▶ _HOW TO COMPLETE THIS TASK_: Everything in the listing below should be repeated exactly, apart from the pictures.

▶ _DATA BELOW_:

--- START ---

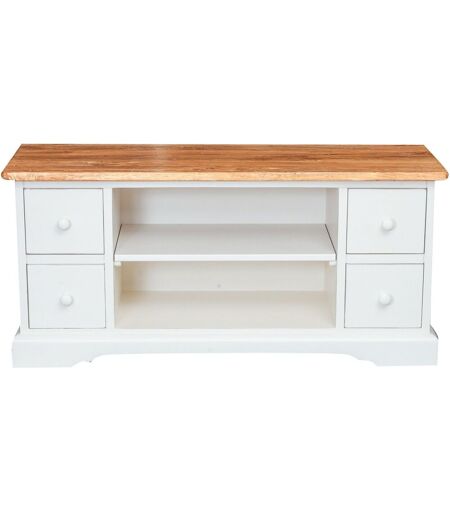 Biscottini Meuble Tv Rustique Style En Bois Massif De Tilleul Structure Blanche Antique Plan Finition Noyer L129 Xpr40xpr60 Cm
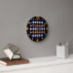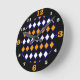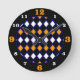Orange diamonds with blue borders highlight this bold black & white harlequin wall clock.
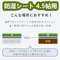 ・適用場所畳の下に使える防湿シートです。フローリング施工時の床の湿気防止対策にもお使いいただけます。床下の地面やコソクリート基礎の上、地下室の防湿など、湿気が気になる場所に。防湿シート 4.5帖用は粘度がなく、畳の下に置くと逃げてしまう可能性があるので、くっつけたほうがいいです。ハサミやカッタ
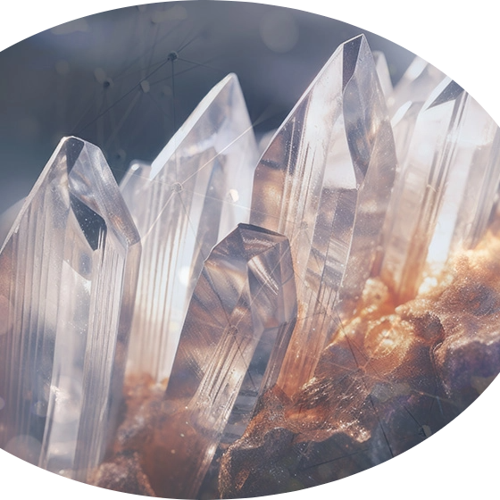 ケイ素は、硅素、シリコン、シリカ(二酸化珪素)、Siなどと表記されます。地球上では酸素について多い元素で、高純度なケイ素の化石が、皆さんもよく知るクリスタル(水晶)です。人体にとっては生命維持に欠かせない必須ミネラルで、免疫を活性化する物質でもあります。ケイ素はもともと、脳下垂体や松果体、あるいは骨・関節・皮膚・毛髪などとも関係し、体内にあるものですが、加齢とともに蓄積能力が衰えてしまいます。このケイ素を正しく身体に取り込めるよう、SOMA & Svarna シリーズの製品にも使用しています。

--- END ---

▶ _ANSWER AREA_:
 Biscottini Meuble Tv Rustique Style En Bois Massif De Tilleul Structure Blanche Antique Plan Finition Noyer L129 Xpr40xpr60 Cm
Orange diamonds with blue borders highlight this bold black & white harlequin wall clock.
 ・適用場所畳の下に使える防湿シートです。フローリング施工時の床の湿気防止対策にもお使いいただけます。床下の地面やコソクリート基礎の上、地下室の防湿など、湿気が気になる場所に。防湿シート 4.5帖用は粘度がなく、畳の下に置くと逃げてしまう可能性があるので、くっつけたほうがいいです。ハサミやカッタ
 ケイ素は、硅素、シリコン、シリカ(二酸化珪素)、Siなどと表記されます。地球上では酸素について多い元素で、高純度なケイ素の化石が、皆さんもよく知るクリスタル(水晶)です。人体にとっては生命維持に欠かせない必須ミネラルで、免疫を活性化する物質でもあります。ケイ素はもともと、脳下垂体や松果体、あるいは骨・関節・皮膚・毛髪などとも関係し、体内にあるものですが、加齢とともに蓄積能力が衰えてしまいます。このケイ素を正しく身体に取り込めるよう、SOMA & Svarna シリーズの製品にも使用しています。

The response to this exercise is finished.